▶ _Task_
The lines from the one containing "- Ce Monument" through the final line of the listing below are what the answer must repeat, exactly and only, leaving pictures out.

▶ _Collected data_
########

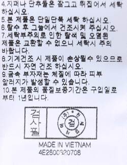 | 세탁방법 및 취급시 주의사항 |
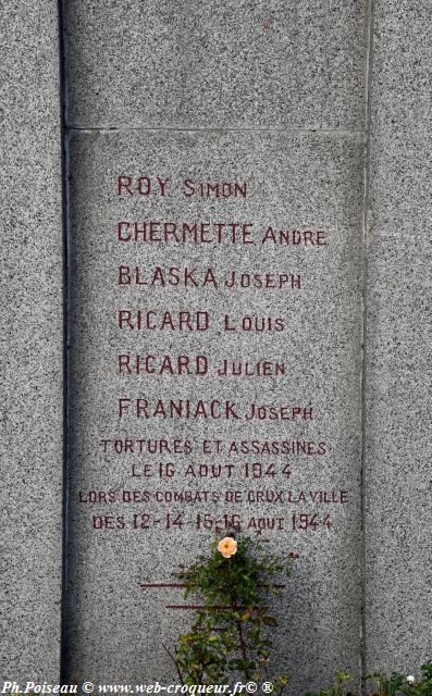 - Ce Monument des victimes de Guerre de Crux la Ville est édifié en mémoire des civils victimes de la barbarie nazie. ROY SIMON – CHERMETTE ANDRE – BLASKA JOSEPH – RICARD LOUIS – RICARD JULIEN – FRANIACK JOSEPH – Torturé et assassinés le 16 Aout 1944 lors des combats de Crux la Ville les 12 – 13 – 14 – 15- 16 AOUT 1944. SELLIER MAURICE tué à l’ennemie le 20 mai 1940. FEVRE EMILE MORT EN CAPTIVITE le 17 novembre 1940. CHAUSSEMY Louis mort en captivité. VERDEZ tué à la résistance.
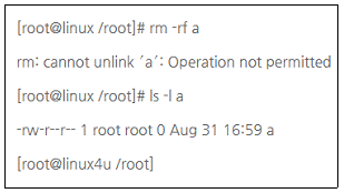 Linux에서 root 권한 계정이 ′a′ 라는 파일을 지우려 했을때 나타난 결과이다. 이 파일을 지울 수 있는 방법은?

########

▶ _Task result_
 - Ce Monument des victimes de Guerre de Crux la Ville est édifié en mémoire des civils victimes de la barbarie nazie. ROY SIMON – CHERMETTE ANDRE – BLASKA JOSEPH – RICARD LOUIS – RICARD JULIEN – FRANIACK JOSEPH – Torturé et assassinés le 16 Aout 1944 lors des combats de Crux la Ville les 12 – 13 – 14 – 15- 16 AOUT 1944. SELLIER MAURICE tué à l’ennemie le 20 mai 1940. FEVRE EMILE MORT EN CAPTIVITE le 17 novembre 1940. CHAUSSEMY Louis mort en captivité. VERDEZ tué à la résistance.
 Linux에서 root 권한 계정이 ′a′ 라는 파일을 지우려 했을때 나타난 결과이다. 이 파일을 지울 수 있는 방법은?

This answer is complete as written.